## November 17, 2003

### Comment Spam II

No, I haven’t (yet) received any more since I took action.

But, as predicted, the spammers have become more diversified in their techniques, so it’s time to bring other webloggers up to date.

The spammers appear to be using two techniques currently:

1. Find the URL of a comment-entry script (e.g. mt-comments.cgi) on Google and post a comment directly to that script.
2. Find a weblog entry by following a link from blogdex or daypop or technorati or wherever. Look for a comment-entry form on that page, and submit the form.

My previous article dealt with defeating the first technique. Since writing it, 40 spambots have gotten their URL’s added to my ban-list. At first, they were coming at a rate of 3 or 4 per day, but that has dropped off as my (former) comment-entry script URL’s have slowly disappeared from Google’s index.

The second technique has proven a problem for others. But it hasn’t affected me. I have no idea whether spambots using it have attempted to access my comment form. Why? Because I don’t have a comment-entry form on my individual archive page. You need to follow a link to get to the comment-entry form.

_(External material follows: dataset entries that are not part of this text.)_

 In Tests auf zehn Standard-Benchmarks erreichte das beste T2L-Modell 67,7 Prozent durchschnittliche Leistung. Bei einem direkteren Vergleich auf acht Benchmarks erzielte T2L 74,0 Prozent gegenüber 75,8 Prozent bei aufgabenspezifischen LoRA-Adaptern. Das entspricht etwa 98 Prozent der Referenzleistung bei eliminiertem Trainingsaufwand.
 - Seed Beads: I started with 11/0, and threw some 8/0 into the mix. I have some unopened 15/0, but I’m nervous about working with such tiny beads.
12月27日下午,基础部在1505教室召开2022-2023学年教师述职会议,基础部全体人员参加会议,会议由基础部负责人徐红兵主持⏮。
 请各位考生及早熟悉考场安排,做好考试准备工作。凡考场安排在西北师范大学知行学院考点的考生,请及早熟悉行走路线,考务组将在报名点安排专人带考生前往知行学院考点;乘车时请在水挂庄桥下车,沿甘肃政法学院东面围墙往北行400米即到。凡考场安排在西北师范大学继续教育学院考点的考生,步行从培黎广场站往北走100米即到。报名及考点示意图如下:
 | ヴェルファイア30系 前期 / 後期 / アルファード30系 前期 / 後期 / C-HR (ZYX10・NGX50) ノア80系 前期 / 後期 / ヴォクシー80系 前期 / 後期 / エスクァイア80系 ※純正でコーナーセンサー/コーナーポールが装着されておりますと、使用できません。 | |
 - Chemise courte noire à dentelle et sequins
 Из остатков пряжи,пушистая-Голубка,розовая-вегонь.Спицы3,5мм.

While easy for humans, figuring out which link to follow to reach the comment form adds an extra layer of complexity to the spambots. And it makes them susceptible to “honeypot” forms (“To get your IP Address permanently banned from this site, enter a comment below…”), among other devious things.

I haven’t bothered setting up a honeypot yet. And there are several other tricky techniques I could yet deploy. But those are for a future post. Remember my motto:

Posted by distler at November 17, 2003 10:29 AM

TrackBack URL for this Entry:   http://golem.ph.utexas.edu/cgi-bin/MT-3.0/dxy-tb.fcgi/250

### Re: Comment Spam II

last month I was visited by a human spammer.

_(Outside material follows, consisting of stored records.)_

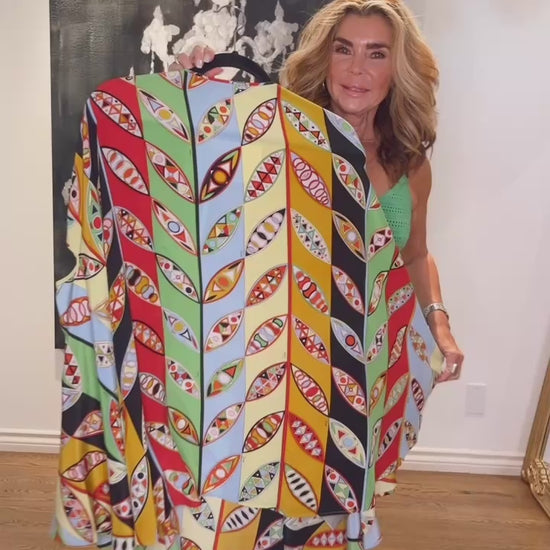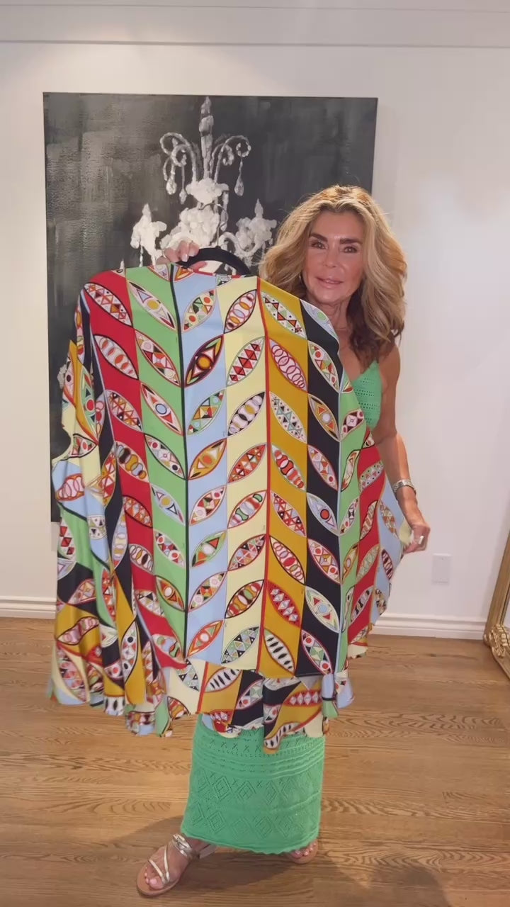 A PUCCI classic, this Girandole-print mini dress is cut like a caftan to show a lot of leg. The flowing silk adds an airy quality to the look.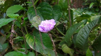 2013.08 タイ HHL/チェンライ。当方が村でホームステイするお宅のほぼ真向かいのウリ棚の下に咲いていた。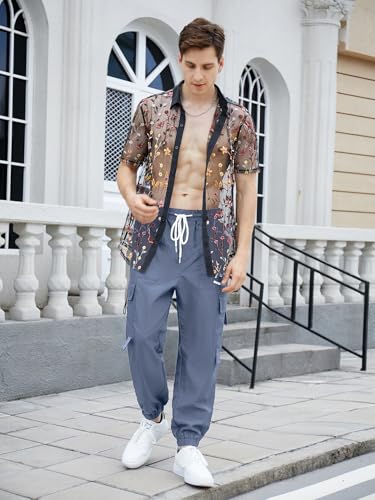 OYOANGLE Men's Cargo Pants Drawstring Elastic Waist Flap Pocket Casual Street Pants 6

Posted by: Sam Ruby on November 21, 2003 6:06 AM | Permalink | Reply to this

### Turing Test

And you’re sure it was a human, and not a 'bot?

There’s at least one 'bot making the rounds which leaves random messages of the form

I completely agree!

This is getting out of hand. You people need to get a life!

I just discovered your blog. It’s really interesting. Keep up the great work.

and so forth. The text is randomly chosen, sometimes even appearing to have something to do with the topic at hand (this may be by design, or it may be coincidental). The payload is the “author’s” URL link.